Will Chris Watts Ever Be Released?
The short answer is no. Watts is serving five consecutive and concurrent life sentences without the possibility of parole — a sentencing structure specifically designed to ensure he will never be eligible for release. Colorado abolished the death penalty in 2020, a change that came after Watts’ sentencing, but his plea agreement had already taken capital punishment off the table in exchange for his guilty plea and cooperation in revealing the locations of his family’s remains.

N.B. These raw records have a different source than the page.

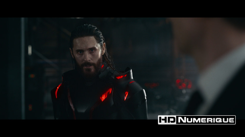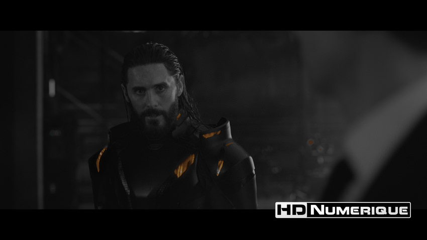 Sur le plan de la définition, nous sommes face à une démonstration de force de la captation numérique moderne. L'image se distingue par une propreté clinique absolue, évacuant toute trace de grain (hormis quelques séquences flashbacks stylisées) pour embrasser une esthétique lisse et hyper-détaillée. Le gain qualitatif face au Blu-ray reste appréciable. La définition 2160p permet d'apprécier la complexité folle des arrière-plans de la "Grille" et surtout la lisibilité des micro-informations : les lignes de code, les données télémétriques des interfaces utilisateur (UI) et les éléments holographiques s'affichent avec un piqué d'une précision chirurgicale. Les gros plans ne sont pas en reste, détaillant plus finement les traits de Jared Leto et autres poils de barbe de Jeff Bridges.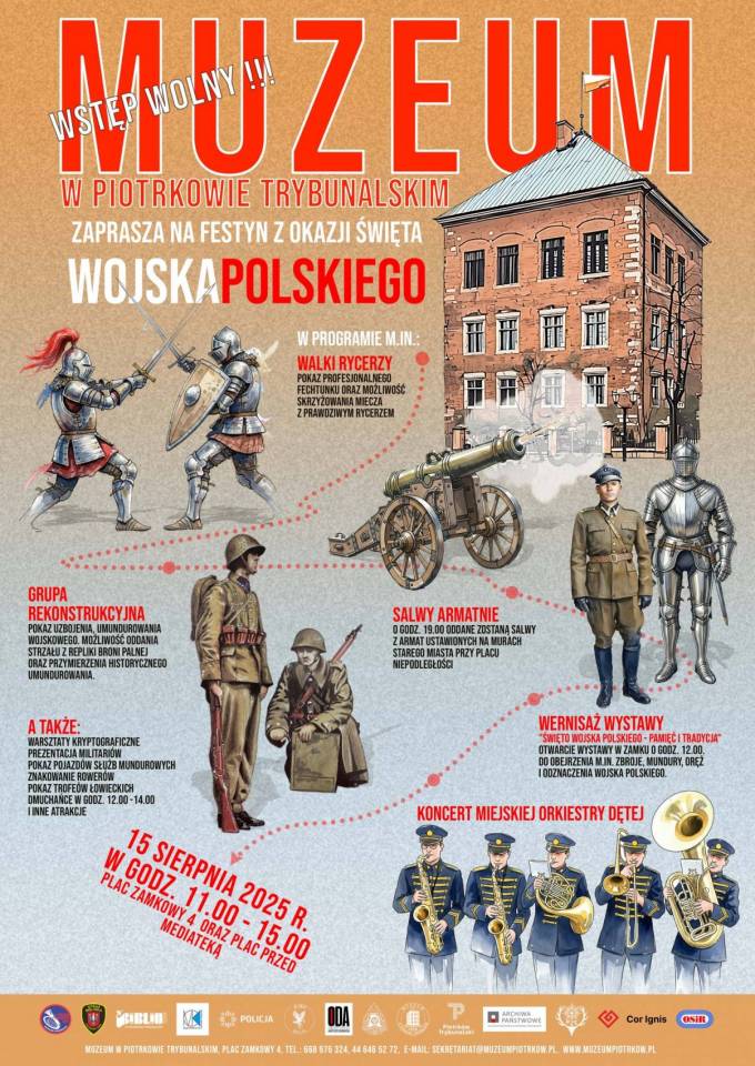 - Muzeum w Piotrkowie Trybunalskim przeniesie nas w świat rycerzy, żołnierzy i oręża! Wśród wielu atrakcji będą: walki rycerzy, rekonstrukcje historyczne – broń, mundury, repliki, salwy armatnie na murach starego miasta (godz. 19). Zaplanowano także wernisaż wystawy pt. „Święto Wojska Polskiego – pamięć i tradycja" (godz. 12, sala II p. w zamku) i koncert Miejskiej Orkiestry Dętej - przekazują piotrkowscy urzędnicy.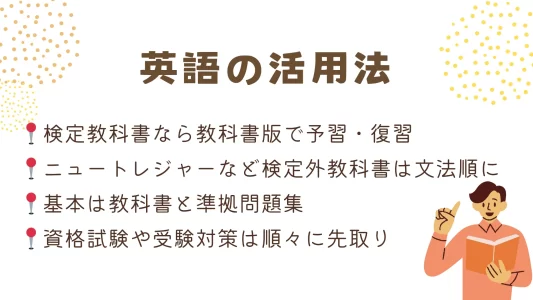 検定教科書でも検定外教科書でも、基本的には教科書と準拠問題集を軸に勉強することが大切です。教科書本文の単語確認や本文の訳は予習の段階でしておくように、復習段階では和訳も英訳もスムーズにできるように、準拠問題集があればそちらも解きます。さらに理解を深めたり演習量を増やす目的でスタディサプリを活用するのがおすすめです。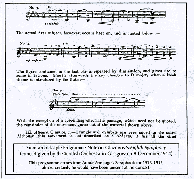 In modern times the lavishly-produced - and often outrageously expensive - programme has become something of a mark of a concert-giving body's prestige. Do they serve any purpose? Well, they can, but regrettably very often do not. It depends on whom they are really addressed to. At one time it seems to have been assumed that all listeners were musically literate; for instance, that coterie of cultured upper-class members of the close-knit German community in Manchester - most of whom probably were indeed very musically literate and who would consider it de rigueur to be seen at the Hallé Thursday evening concerts before the First World War (and even into the 1920s and 1930s) - were provided with a printed programme which ran to several pages and which included copious music-type examples of principal themes from the works to be performed. Such musical extracts were illuminated (if that is not really a misleading word in this context) by long, learned and more often than not quite meaningless and utterly confusing verbiage which academic musicians have always loved to indulge in (and still do), perhaps believing that in this way they raise themselves to the level of the real musicians: the performers. [Even as late as 1965 I was asked to supply music-type extracts from my own Second Symphony for publication - believe it or not - in the Bradford Telegraph & Argus for an article which appeared on the very day of its Bradford première; a whole half-page it turned out to be (juxtaposed next to an article on housing in some newly-developed council estate near Odsal Top)].
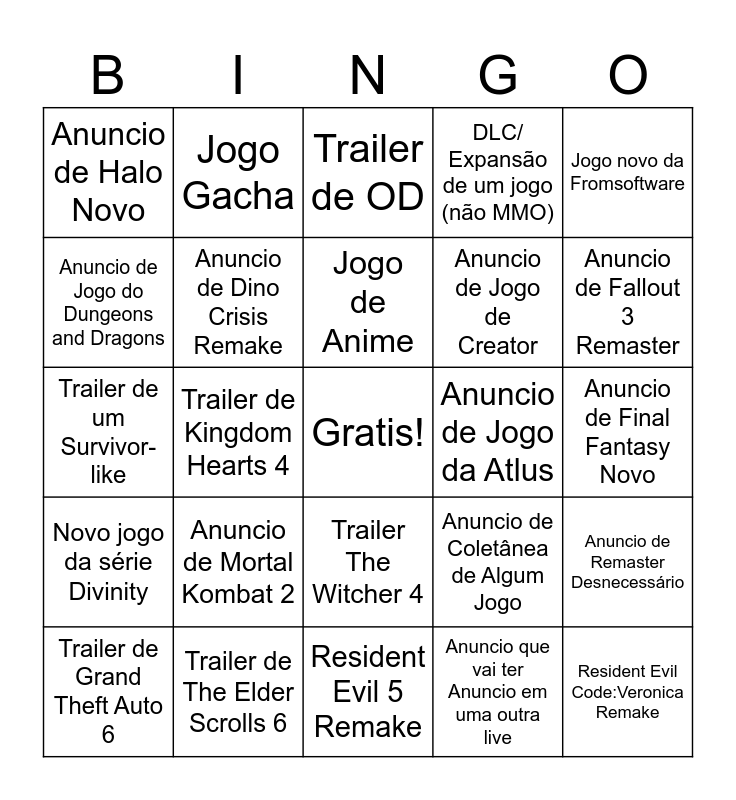 This bingo card has a free space and 33 words: Half-Life 3 Comfirmado, Anuncio de God of War Novo, Trailer de Kingdom Hearts 4, Trailer de Final Fantasy VII - Part 3, Novo jogo da série Divinity, Anuncio de Dino Crisis Remake, Jogo novo da Fromsoftware, Trailer de Grand Theft Auto 6, Jogo Gacha, Anuncio de Assasin`s Creed Novo, Jogo de Anime, Trailer de OD, Expedition 33 Ganha GOTY, Silksong Ganha Jogo Indie, Anuncio de Jogo da Atlus, Anuncio de Fallout 3 Remaster, Trailer de The Elder Scrolls 6, Trailer de um Survivor-like, Anuncio de Mortal Kombat 2, Anuncio de Coletânea de Algum Jogo, Trailer The Witcher 4, Trailer Dragon Quest, Anuncio de Halo Novo, Anuncio de Final Fantasy Novo, Resident Evil 5 Remake, Resident Evil Code:Veronica Remake, DLC/ Expansão de um jogo (não MMO), Anuncio de Jogo de Creator, Anuncio de Jogo do Dungeons and Dragons, Anuncio de Remaster Desnecessário, Anuncio Final Fantasy IX Remake, Anuncio que vai ter Anuncio em uma outra live and Trailer de Forza Horizon 6.
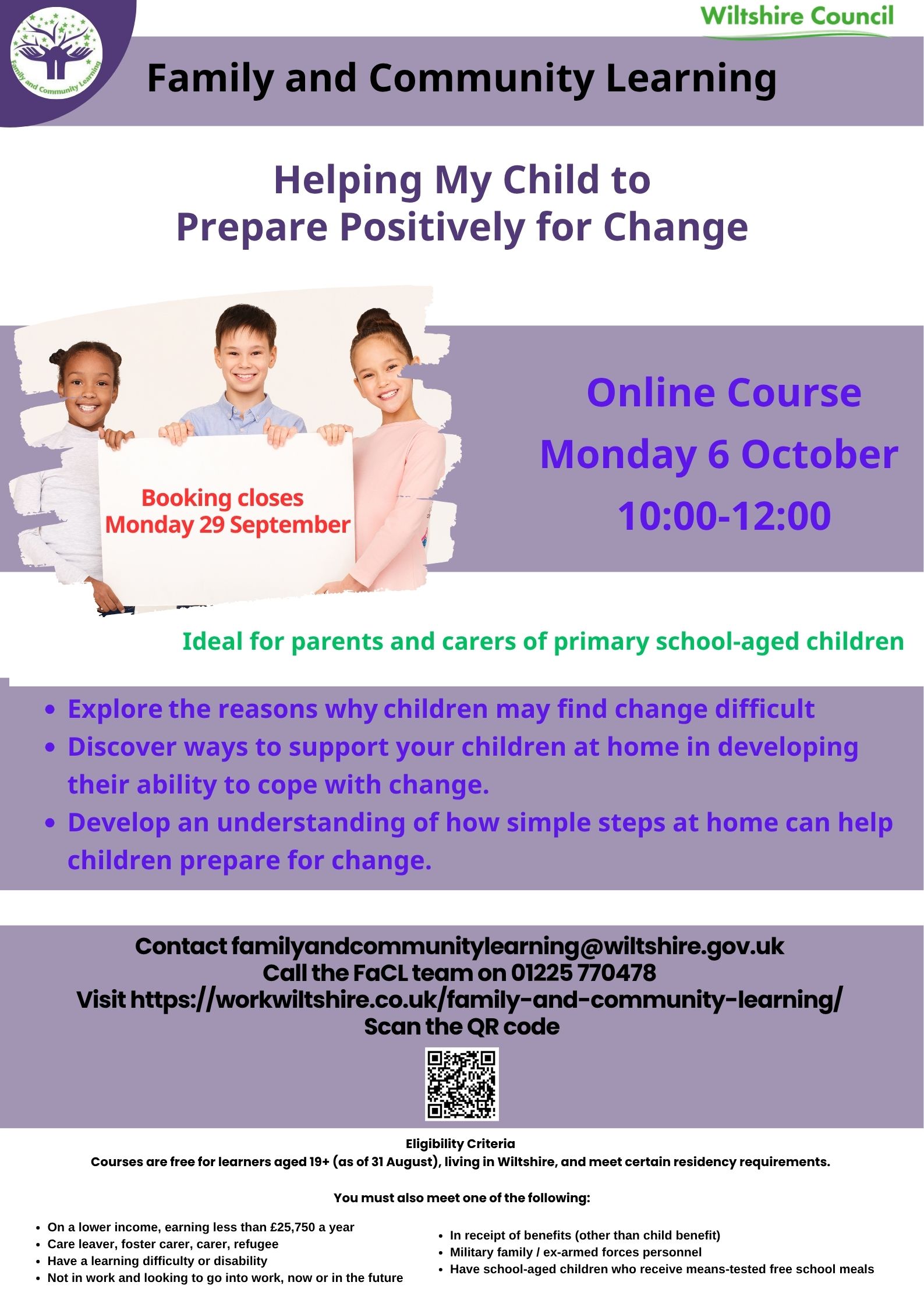 Contact familyandcommunitylearning@wiltshire.gov.uk Call the FaCL team on 01225 770478 Visit https://workwiltshire.co.uk/family-and-community-learning/ Scan the QR code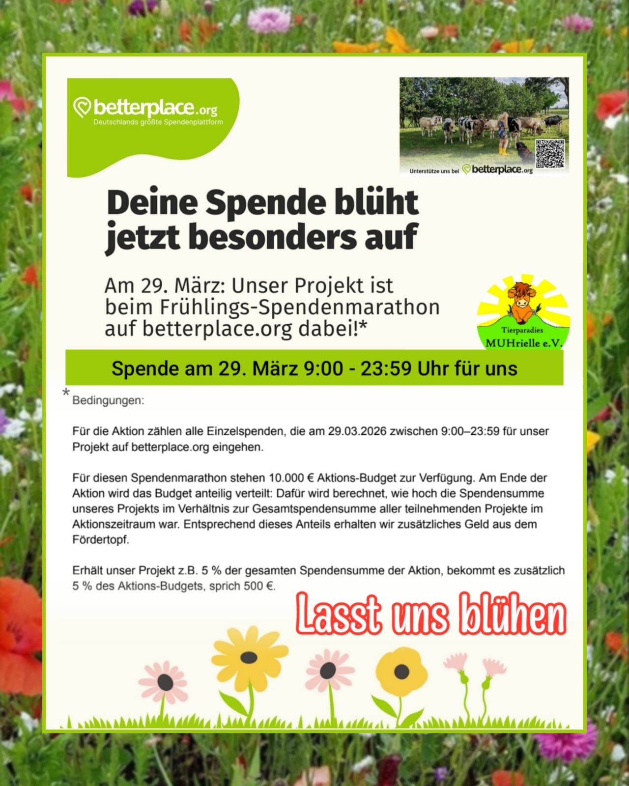 Um die Zukunft der MUHrielle-Tiere dauerhaft sicherzustellen, benötigen wir vor allem Patenschaften sowie Spenden 🙏 Gemeinsam mit Euch können wir viel erreichen!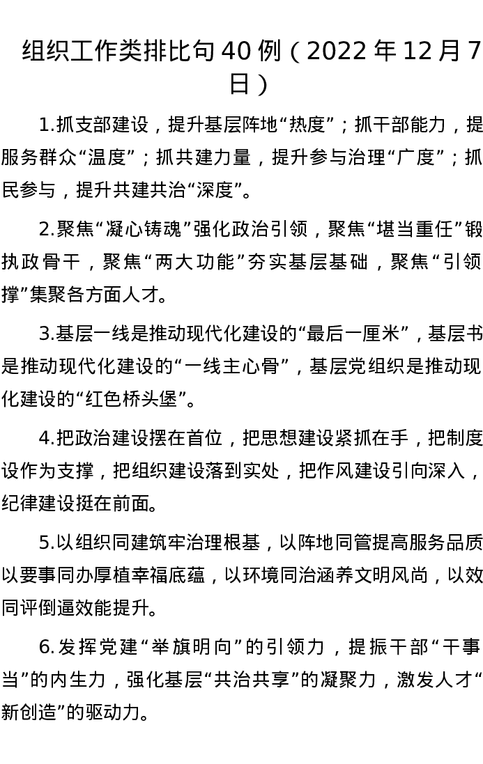组织工作类排比句40例(2022年12月7日)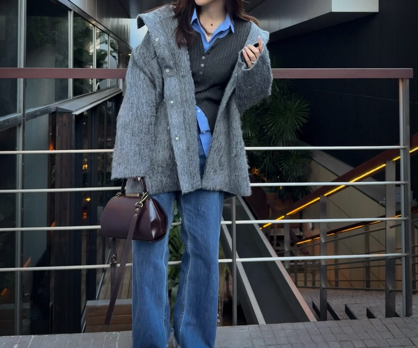 ボトムスには程よくゆとりのあるデニムを合わせ、全体のトーンをブルーとグレーで統一することで、カジュアルながらも品よくまとまっています。仕上げに深みのあるボルドーのハンドバッグを添えれば、落ち着いた大人らしさが加わり、洗練されたスタイルが完成します。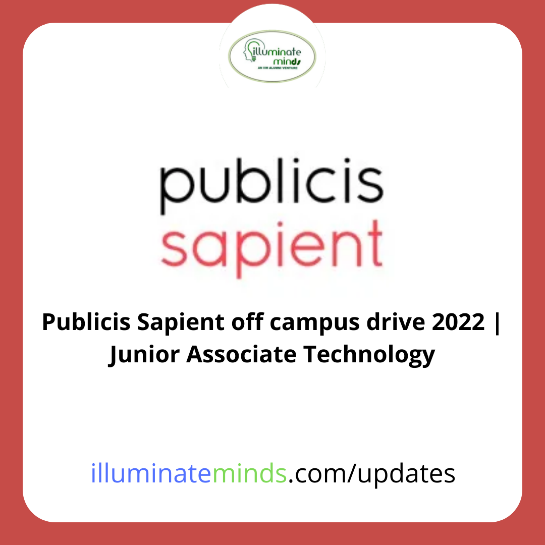 Publicis Sapient off campus drive 2022 | Junior Associate Technology ...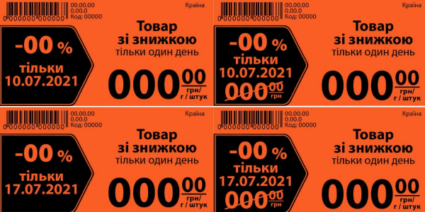 Согласно условиям акции, акционные товары будут помечены красными ценниками (см. образец).
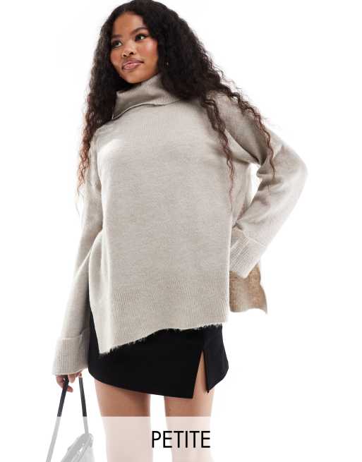 Vila Petite roll neck oversized jumper with turn up cuff in natural melange
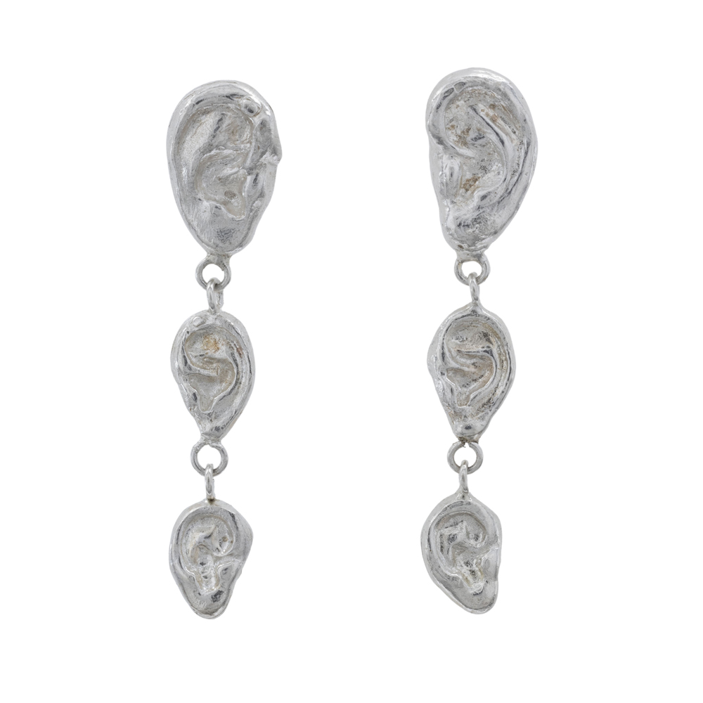 "Orecchini"lunghezza 4,5 cm.pendenti in argento, edizione 2/10, sigla e tiratura sul retro di un elemento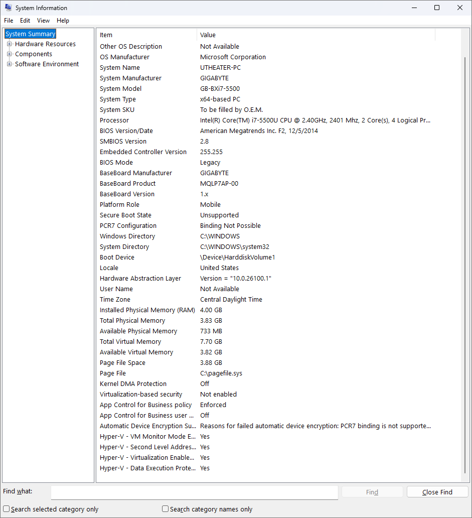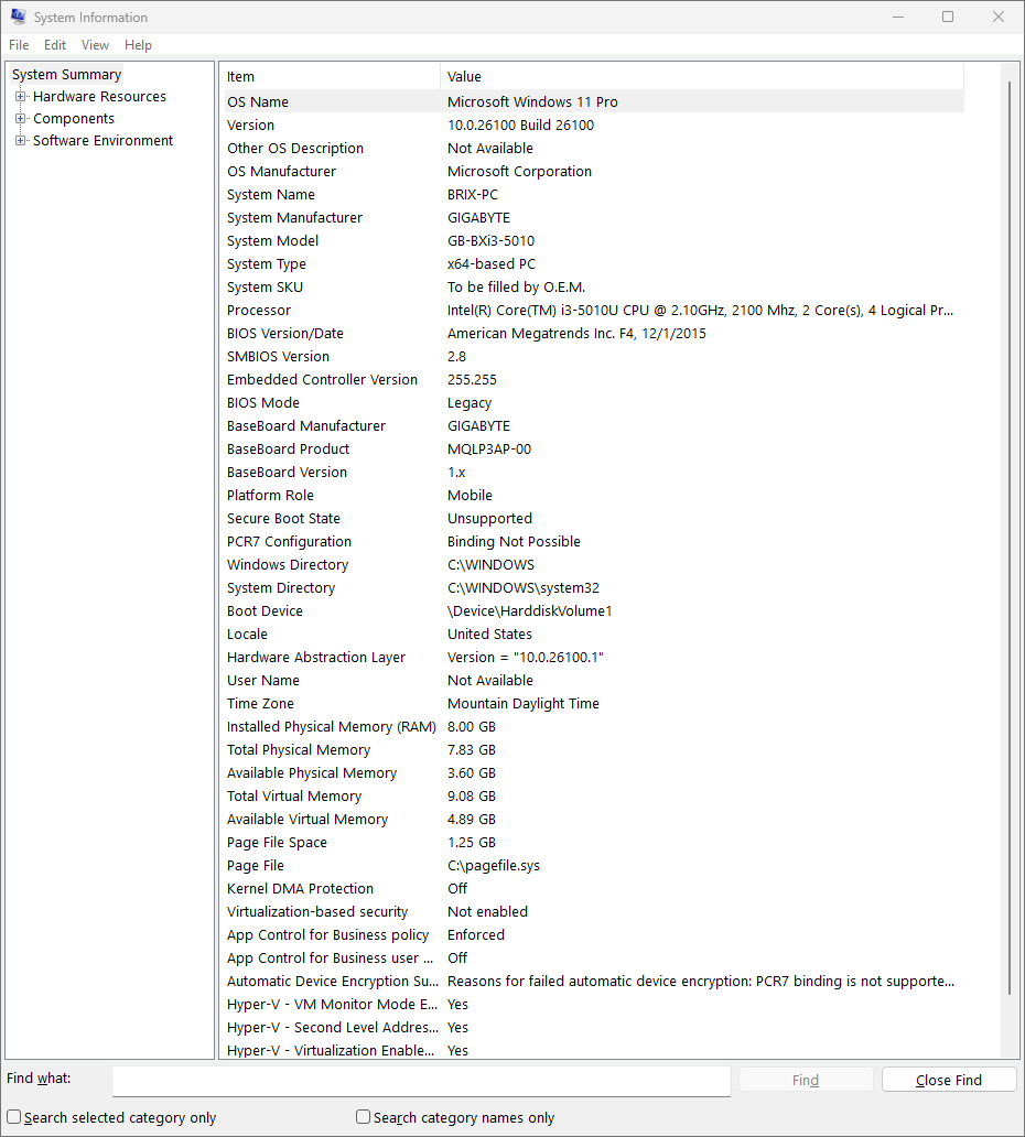 Here is the report from msinfo showing the specs on this system, and Device Manager showing that all of the drivers were either updated or the existing ones usable: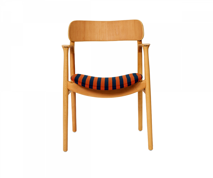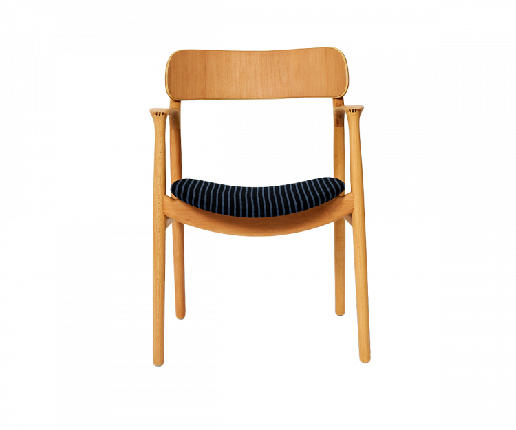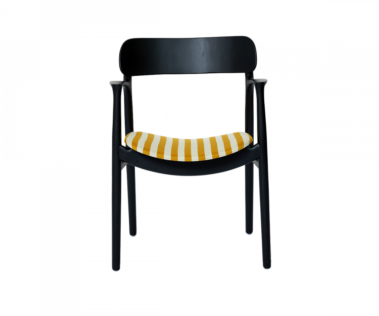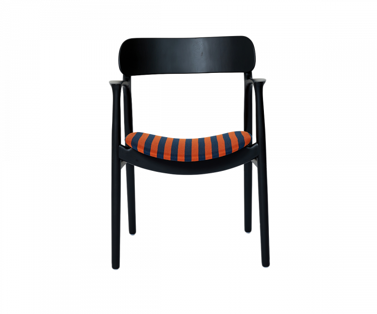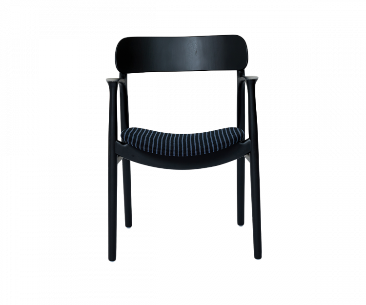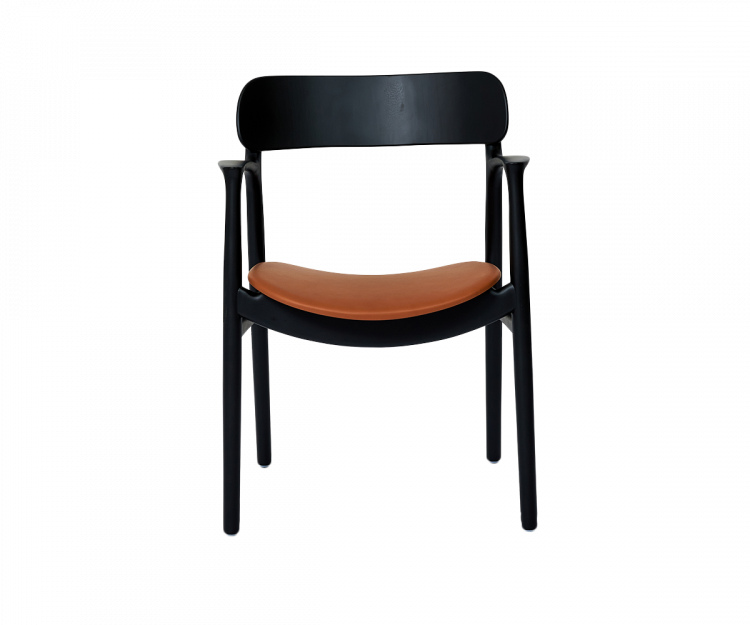 Stolen fås i tre varianter: eg, bøg og sort. Alle varianter tilbydes med eller uden polstret sæde. Vælg mellem betræk i klassisk læder eller stof fra danske Kjellerup Væveri.

Barring an extraordinary and highly unlikely legal development, Chris Watts will spend the remainder of his life incarcerated at Dodge Correctional Institution or another facility within the Wisconsin or Colorado prison systems. His case stands as one of the most notorious domestic murder cases of the past decade, and his prison life — from his custodial job to his religious reinvention to his correspondence with strangers — continues to be scrutinized by a public that has never quite looked away.
Conclusion
Chris Watts’ story didn’t end with his sentencing in November 2018 — at least not in terms of public interest. Today, he remains confined at Dodge Correctional Institution in Waupun, Wisconsin, living out a tightly regimented existence as a custodian and general-population inmate, marked by a claimed religious conversion, a steady stream of letters from women outside prison walls, and the quiet, permanent reality of a life sentence with no path to freedom. For the family and friends of Shanann, Bella, and Celeste, his continued incarceration offers a measure of justice, even as the broader public continues to revisit the case, searching for answers to a tragedy that remains as haunting today as it was when it first made headlines.